◆ Supplied material ◆
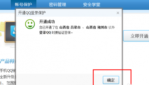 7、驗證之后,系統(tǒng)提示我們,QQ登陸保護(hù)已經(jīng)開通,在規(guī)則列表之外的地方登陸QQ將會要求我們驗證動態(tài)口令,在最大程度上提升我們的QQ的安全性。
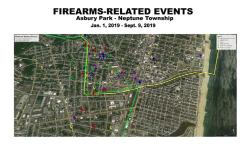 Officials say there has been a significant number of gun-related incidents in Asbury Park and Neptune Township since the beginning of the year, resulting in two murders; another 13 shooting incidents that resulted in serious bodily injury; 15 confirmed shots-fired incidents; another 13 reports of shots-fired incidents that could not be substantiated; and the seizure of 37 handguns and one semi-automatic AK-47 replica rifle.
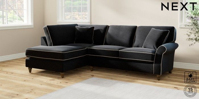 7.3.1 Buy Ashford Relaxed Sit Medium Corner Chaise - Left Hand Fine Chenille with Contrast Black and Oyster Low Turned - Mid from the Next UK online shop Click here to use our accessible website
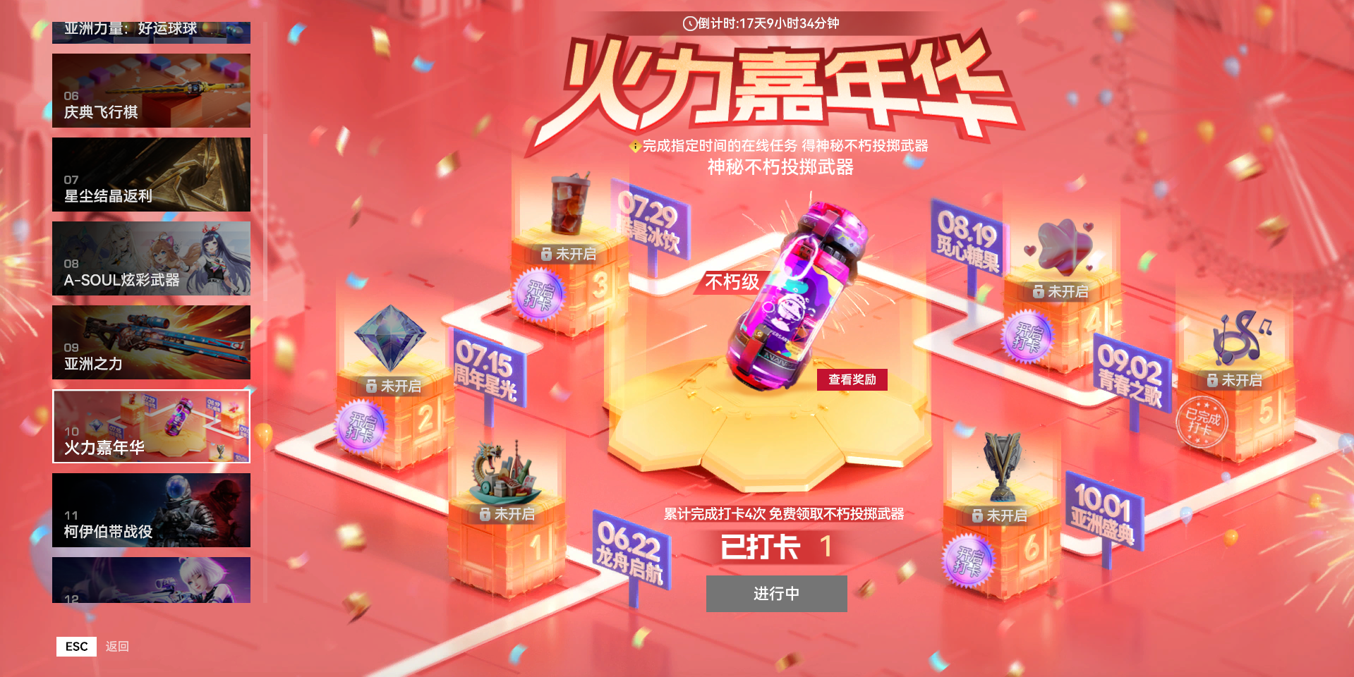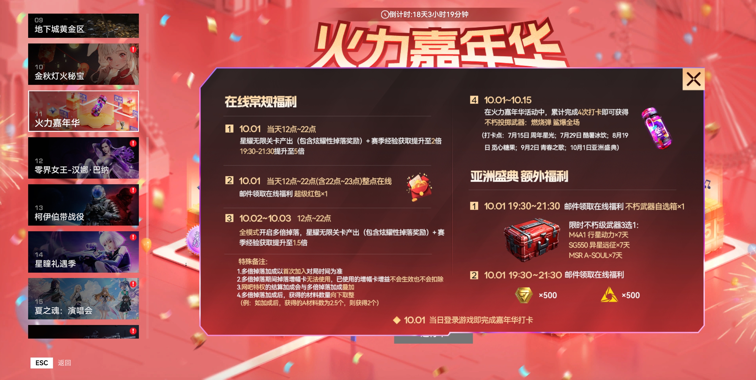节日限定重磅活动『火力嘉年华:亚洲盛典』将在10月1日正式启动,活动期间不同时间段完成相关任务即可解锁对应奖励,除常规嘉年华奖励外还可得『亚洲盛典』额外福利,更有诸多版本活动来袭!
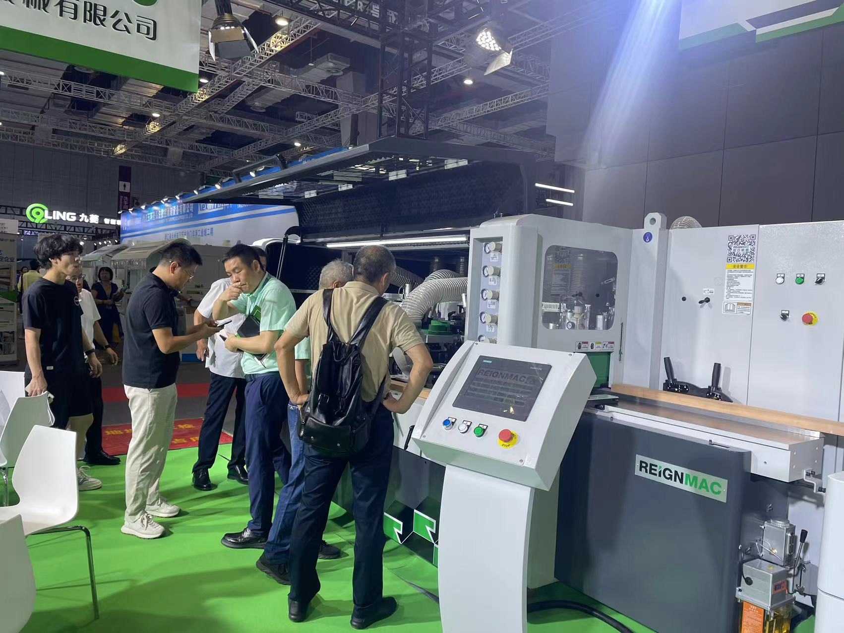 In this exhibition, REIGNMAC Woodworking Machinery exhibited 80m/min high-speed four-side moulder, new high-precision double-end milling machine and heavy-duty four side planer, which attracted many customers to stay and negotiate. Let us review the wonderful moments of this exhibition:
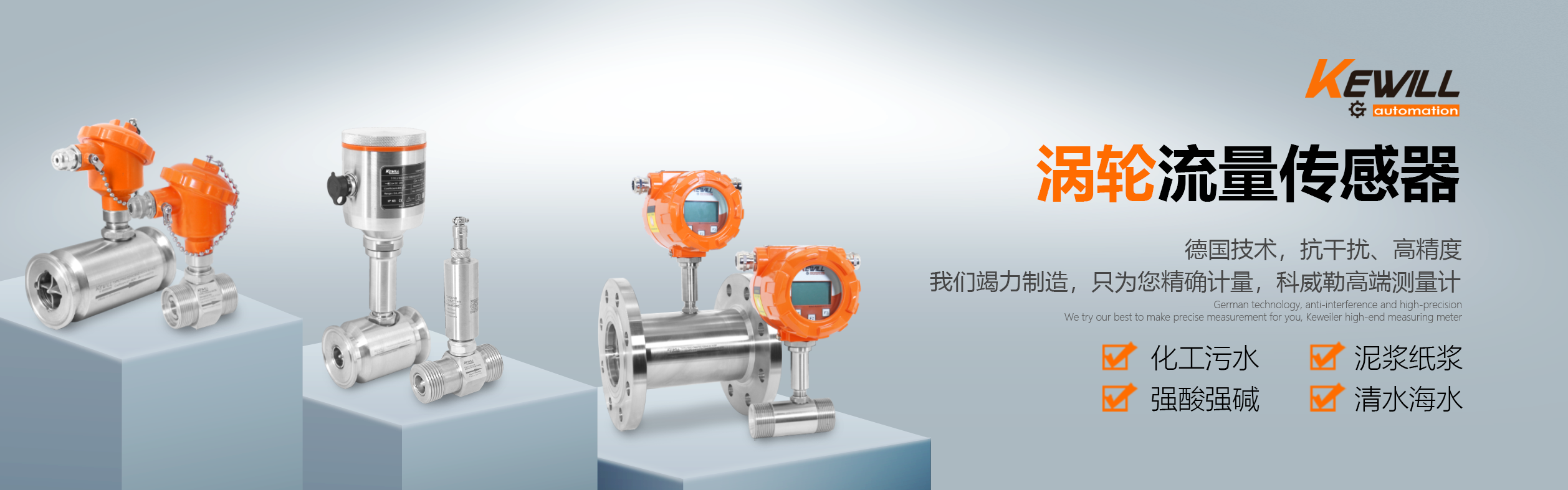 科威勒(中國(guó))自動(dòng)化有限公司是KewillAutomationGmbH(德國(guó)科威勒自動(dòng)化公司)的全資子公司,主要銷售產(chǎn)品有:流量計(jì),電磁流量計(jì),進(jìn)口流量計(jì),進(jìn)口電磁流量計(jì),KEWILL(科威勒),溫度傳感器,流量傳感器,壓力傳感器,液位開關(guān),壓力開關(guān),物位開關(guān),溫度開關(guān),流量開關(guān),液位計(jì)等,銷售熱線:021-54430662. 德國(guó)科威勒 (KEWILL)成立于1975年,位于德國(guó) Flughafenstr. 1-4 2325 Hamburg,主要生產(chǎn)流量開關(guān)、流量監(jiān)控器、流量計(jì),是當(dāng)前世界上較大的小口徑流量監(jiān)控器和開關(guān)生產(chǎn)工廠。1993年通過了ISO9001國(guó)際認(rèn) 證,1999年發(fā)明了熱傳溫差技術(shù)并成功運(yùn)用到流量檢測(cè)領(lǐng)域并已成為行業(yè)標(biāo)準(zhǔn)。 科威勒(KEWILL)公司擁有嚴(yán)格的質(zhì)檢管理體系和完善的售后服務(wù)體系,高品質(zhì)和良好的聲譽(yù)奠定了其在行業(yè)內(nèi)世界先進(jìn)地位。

◆ Try it ◆
Each of the entries above must be copied exactly, but the pictures stay out.

◆ Solution below ◆
 7、驗證之后,系統(tǒng)提示我們,QQ登陸保護(hù)已經(jīng)開通,在規(guī)則列表之外的地方登陸QQ將會要求我們驗證動態(tài)口令,在最大程度上提升我們的QQ的安全性。
 Officials say there has been a significant number of gun-related incidents in Asbury Park and Neptune Township since the beginning of the year, resulting in two murders; another 13 shooting incidents that resulted in serious bodily injury; 15 confirmed shots-fired incidents; another 13 reports of shots-fired incidents that could not be substantiated; and the seizure of 37 handguns and one semi-automatic AK-47 replica rifle.
 7.3.1 Buy Ashford Relaxed Sit Medium Corner Chaise - Left Hand Fine Chenille with Contrast Black and Oyster Low Turned - Mid from the Next UK online shop Click here to use our accessible website
节日限定重磅活动『火力嘉年华:亚洲盛典』将在10月1日正式启动,活动期间不同时间段完成相关任务即可解锁对应奖励,除常规嘉年华奖励外还可得『亚洲盛典』额外福利,更有诸多版本活动来袭!
 In this exhibition, REIGNMAC Woodworking Machinery exhibited 80m/min high-speed four-side moulder, new high-precision double-end milling machine and heavy-duty four side planer, which attracted many customers to stay and negotiate. Let us review the wonderful moments of this exhibition:
 科威勒(中國(guó))自動(dòng)化有限公司是KewillAutomationGmbH(德國(guó)科威勒自動(dòng)化公司)的全資子公司,主要銷售產(chǎn)品有:流量計(jì),電磁流量計(jì),進(jìn)口流量計(jì),進(jìn)口電磁流量計(jì),KEWILL(科威勒),溫度傳感器,流量傳感器,壓力傳感器,液位開關(guān),壓力開關(guān),物位開關(guān),溫度開關(guān),流量開關(guān),液位計(jì)等,銷售熱線:021-54430662. 德國(guó)科威勒 (KEWILL)成立于1975年,位于德國(guó) Flughafenstr. 1-4 2325 Hamburg,主要生產(chǎn)流量開關(guān)、流量監(jiān)控器、流量計(jì),是當(dāng)前世界上較大的小口徑流量監(jiān)控器和開關(guān)生產(chǎn)工廠。1993年通過了ISO9001國(guó)際認(rèn) 證,1999年發(fā)明了熱傳溫差技術(shù)并成功運(yùn)用到流量檢測(cè)領(lǐng)域并已成為行業(yè)標(biāo)準(zhǔn)。 科威勒(KEWILL)公司擁有嚴(yán)格的質(zhì)檢管理體系和完善的售后服務(wù)體系,高品質(zhì)和良好的聲譽(yù)奠定了其在行業(yè)內(nèi)世界先進(jìn)地位。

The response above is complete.